In order to assess the impact of participation in the KILN program, alumni who graduated between 2005-2014 were surveyed (using Qualtrics®) about activities in school and after graduation. They also completed the Social Justice Behavioral Intentions and the Leadership Self-awareness/Self-confidence scales. The sample consisted of 340 graduates (45% response rate), 34 of whom had participated in KILN. Respondents were predominantly female (98%), had graduated from the program before the age of 23 (98%), and were currently employed in nursing (96%). Differences between KILN participants and non-participants were evaluated using chi-square analyses or t-tests with significance set at p<0.05. Compared to nonparticipants, KILN program participants were significantly more likely to be Black, Asian, or Hispanic and to have been dependent on financial aid and required to work for pay while enrolled in the program. Despite their identification with underrepresented and/or underresourced groups, KILN members participated in significantly more leadership-building activities while they were students than non-participants. Activities directly related to the SCM included earning a minor in Hispanic Studies and participating in student government, cultural organizations, diversity advisory board, mentoring programs, and nursing-related service immersion opportunities. Other activities indirectly related to the SCM consisted of earning research fellowships and attending professional conferences. After graduation, 68% of KILN participants reported speaking a language other than English at work, compared to 40% of non-participants. KILN participants achieved higher scores on the Social Justice Behavioral Intentions and the Leadership Self-awareness/Self-confidence scales, but the differences were not statistically significant.

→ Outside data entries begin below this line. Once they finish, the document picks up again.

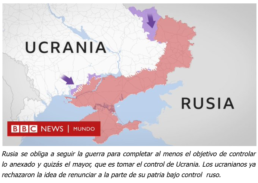 Desde el inicio de la invasión en febrero de 2022, Rusia logró ocupar 119,000 km² adicionales en Ucrania, sumando un total de 161,000 km² bajo su control si se incluyen las anexiones de 2014, lo que representaba el 27% del territorio ucraniano. Sin embargo, a partir de agosto de 2022, Ucrania lanzó una contraofensiva que logró recuperar 74,443 km², expulsando a las tropas rusas de regiones clave como Jersón y Járkov. Como resultado, la superficie ocupada por Rusia se redujo al 18.21% del territorio ucraniano, equivalente a 109,860 km², menor que la extensión capturada en 2022. En términos netos, desde el inicio de la invasión, Rusia consolidó un 11.21% adicional del territorio, pero perdió el 8.79%, reflejando el alto costo territorial de la guerra. Pese a esto, el 30 de septiembre de 2022, Putin decretó la anexión de los oblasts de Donetsk, Luhansk, Zaporiyia y Jersón, además de zonas de Járkov y Mykolaiv, convirtiéndolos legalmente en territorio ruso según la legislación del Kremlin. Este punto es crucial, ya que cualquier sucesor de Putin estaría obligado a ejercer autoridad sobre estas regiones, lo que significa que, salvo una ley que revierta la anexión, el conflicto continuará hasta que Rusia logre consolidar su control o modifique su estrategia.
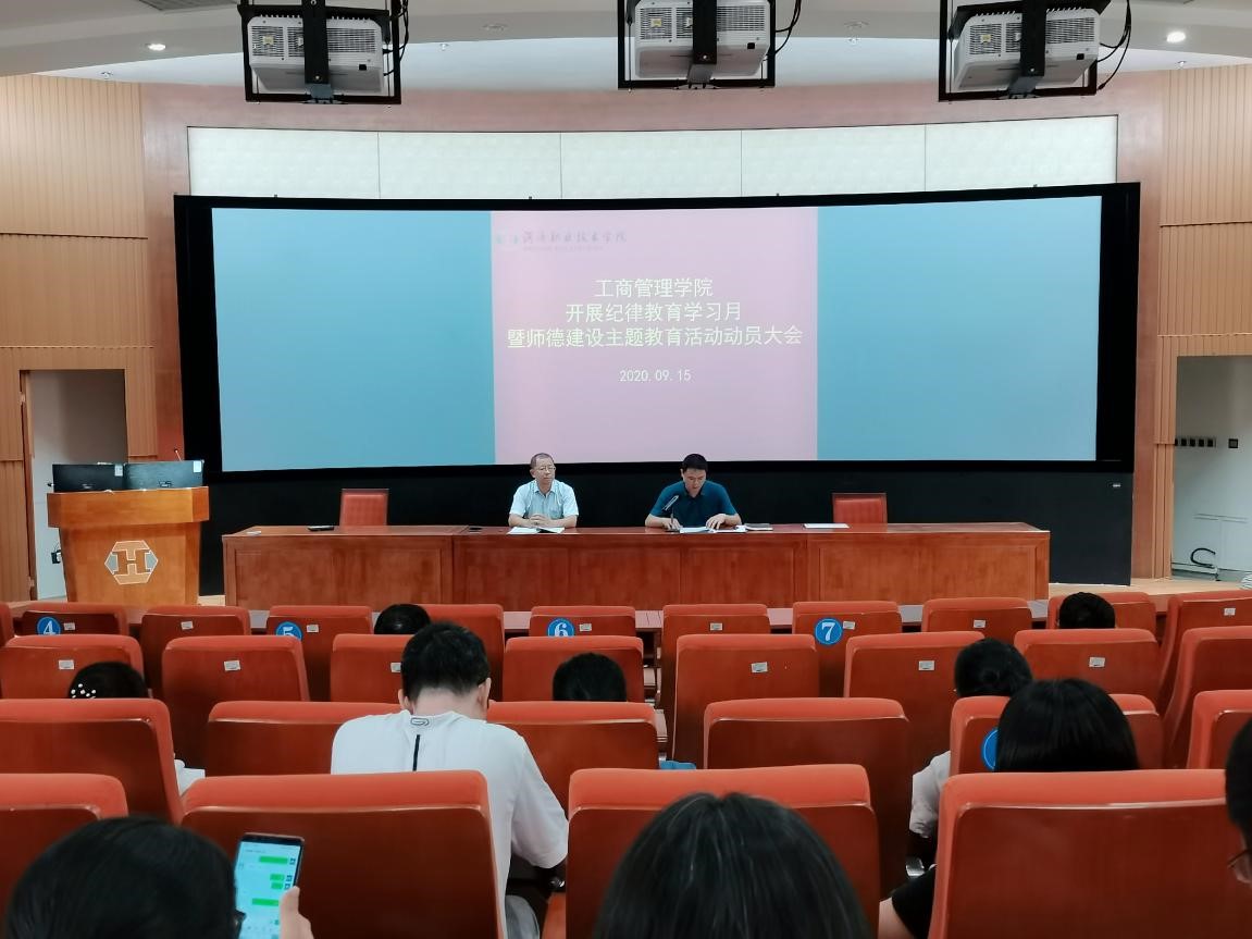9月15日下午,工商管理学院在实训楼三期3D导游实训室召开2020年纪律教育学习月暨师德建设主题教育月活动动员大会,学院全体教职工参加会议。会议由学院党总支书记、院长俞彤主持。
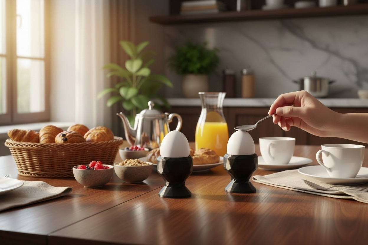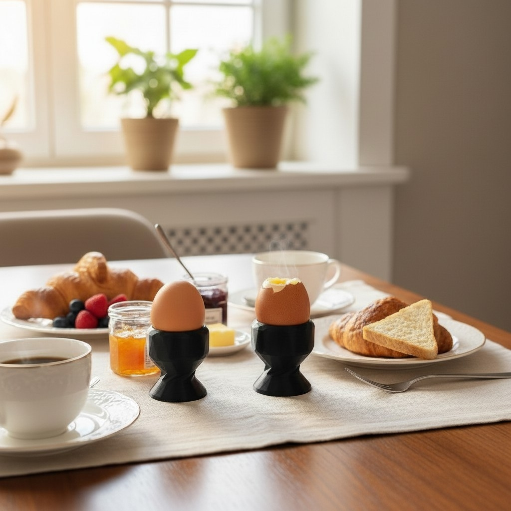 Eleganter Low‑Poly‑Eierbecher, fertig 3D‑gedruckt im FDM‑Verfahren. Das kompakte, facettierte Design wirkt modern und ist gleichzeitig stabil genug für den täglichen Gebrauch am Frühstückstisch. Standardmaße: 55 × 53 × 53 mm.
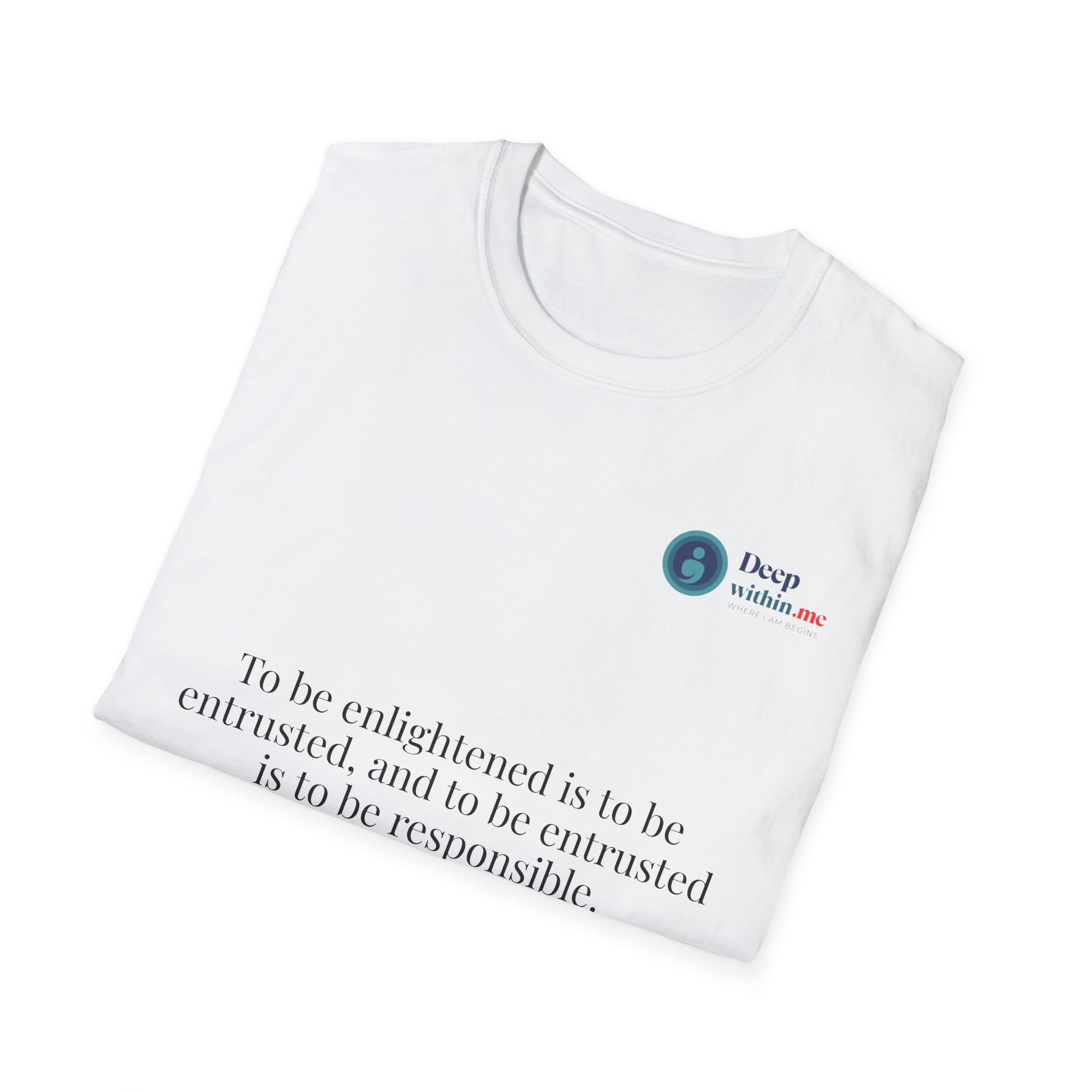 QR Code Quote T-Shirt — “To be enlightened is to be entrusted” Minimal Tech Tee
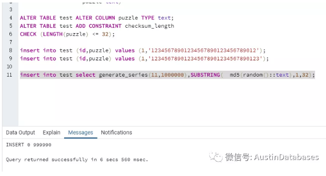 当然也有人说,你加完约束,系统的性能会受到影响,来来来我们做一个测试,插入1百万的数据,仅仅需要6秒多.

            The KILN program has led to more inclusive participation in leadership-building activities in our school, and the Social Change Model has provided a guide for program implementation and evaluation. However, long-term outcome evaluation will be essential to ensure continued support and demonstrate the sustained effectiveness of the program. This important work could ultimately help to reduce health disparities, promote global social justice, and contribute to the betterment of society. 

References 

Bobbio, A., & Manganelli, A.M. (2009). Leadership self-efficacy scale. A new multidimensional instrument. TPM-Testing, Psychometrics, Methodology in Applied Psychology, 16(1), 3-24. 

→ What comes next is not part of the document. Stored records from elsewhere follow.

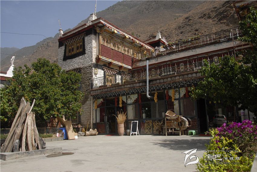 和瑞客棧的外觀很平常:一棟嘉絨風格的民居連接著一片寬敞的院子。一扇鐵門打開,一片干凈整潔的院落,一下子跳到眼前。院子兩旁刻意設(shè)計了日式風格的榻榻米,與中心水泥院壩區(qū)分開。
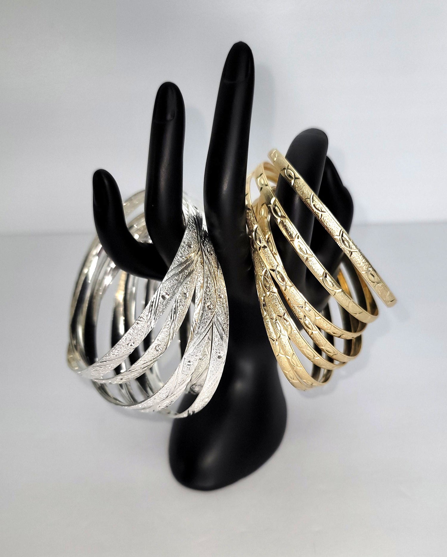 Each 7 sets of bangles are engraved with different designs no 7 sets are the same. Bangles will not be categorized by the engraving design only by color.
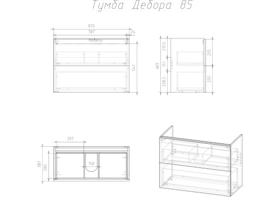 - 85 (ШхГхВ), см: 83,5х38,8х60
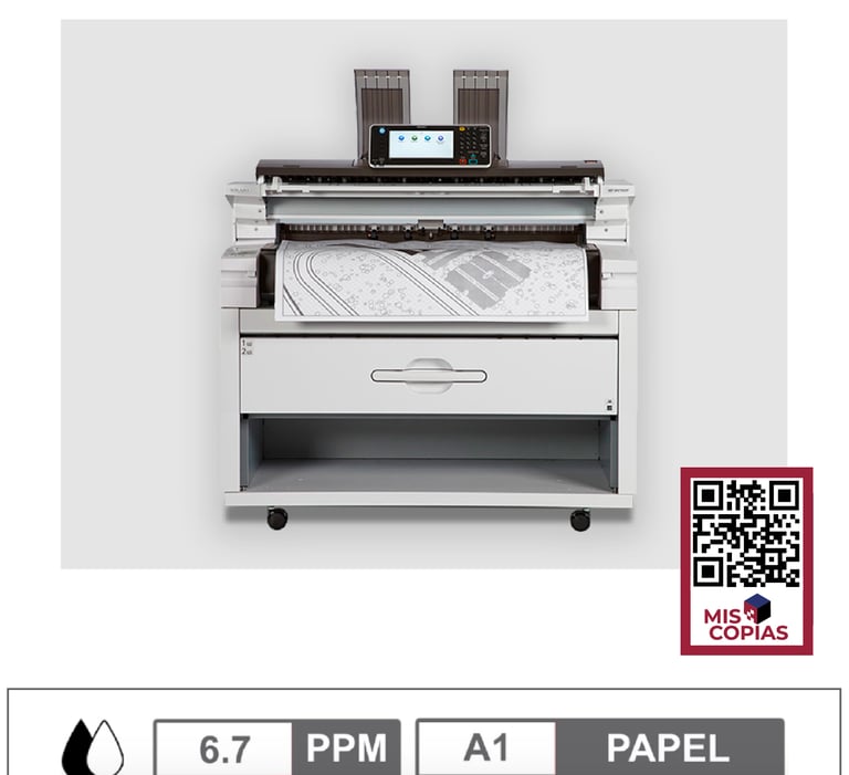 • Velocidad de 6,7 copias por minuto (en formato A1).
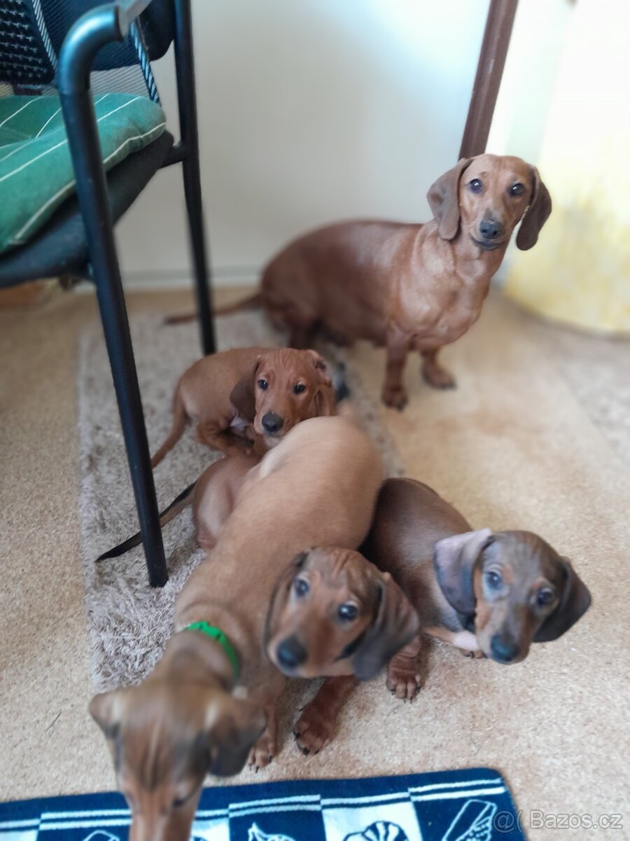 Jezevčík hladkosrstý trpasličí - [1.2. 2026]Vymazlena štěňátka červených trpasličích hladkosrstych jezevčíků. Rodinná tradice chovu přes 70 roků. Dobrým lidem, kteří mají jezevčíčky rádi pro jejich inteligenci a svéráznou povahu.

Chinn, P.L. (2014). Educating for social justice. Journal of Nursing Education, 53(9), 487. 

Department of Health and Human Services. (2011). HHS action plan to reduce racial and ethnic health disparities. Retrieved from http://www.minorityhealth.hhs.gov/npa/templates/content.aspx?lvl=1&lvlid=33&ID=285

Dugan, J. P., Bohle, C. W., Woelker, L. R., & Cooney, M. A. (2014). The role of social perspective-taking in developing students’ leadership capacities. Journal of Student Affairs Research and Practice, 51(1), 1–15.

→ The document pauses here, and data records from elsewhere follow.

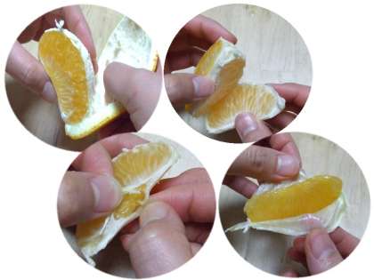 今日は6年生が遠足なので、1年生は準備から片付けまですべて自分たちでしました。あまなつかんは、皮をむいて食べないといけません。担任の先生に皮のむき方を教えてもらって、みんな上手にむいていました。
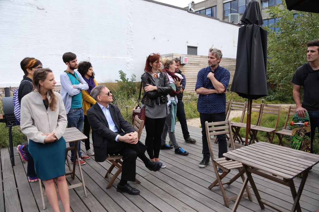10.09.14: Norwegian architect-turned-carpenter Ole Sondresen concluded his Building of the Day tour of the Kickstarter headquarters at the roof garden, which includes native plants slected to provide food and shelter to migratory songbirds.
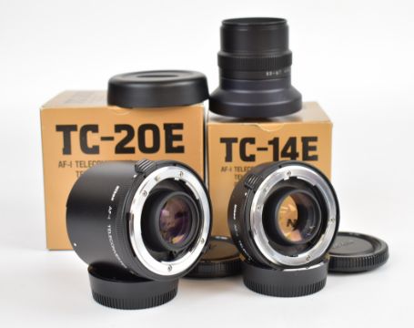 Nikon TC-20E and TC14E teleconverters, both in original boxes, and a Nikon WC-E68 wide converter lens with cover and extension tube
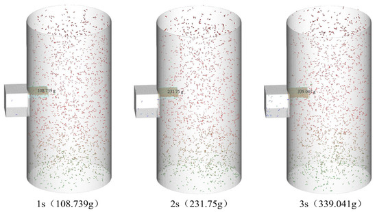 The lint particles enter the negative-pressure cotton pipeline from the velocity intake with an initial velocity of 12 m/s in the linked simulation analysis. The cotton processing factory produces 27 bales of cotton lint each hour, and the total lint production is 6080 kg/h. Therefore, the simulated lint particle creation rate is 1.69 kg/s [32], consistent with actual production conditions. The movement of lint particles in the negative-pressure cotton pipeline under this condition was analyzed numerically to identify the sampling process of lint particles as the movement speed changes and the impact on the sample plate’s sampling.

Dugan, J.P., Kodama, C., Correia, B., & Associates. (2013). Multi-Institutional Study of Leadership insight report: Leadership program delivery. College Park, MD: National Clearinghouse for Leadership Programs.

Mohammed, S.A., Cooke, C.C., Ezeonwu, M., & Stevens, C.A. (2014). Sowing the seeds of change: Social justice as praxis in undergraduate nursing education. Journal of Nursing Education, 53(9), 488-493. 

Read, C.Y., Vessey, J.A., Amar, A.F., & Cullinan, D.M. (2013). The challenges of inclusivity in baccalaureate nursing programs.  Journal of Nursing Education, 52(4), 185-190.

Read, C., Pino Betancourt, D., & Morrison, C. (2016). Social change: A framework for inclusive leadership development in nursing education.  Journal of Nursing Education, 55(3), 164-167.

Torres-Harding, S. R., Siers, B. & Olson, B.D. (2012). Development and psychometric evaluation of the Social Justice Scale (SJS). American Journal of Community Psychology, 50(1-2): 77-88.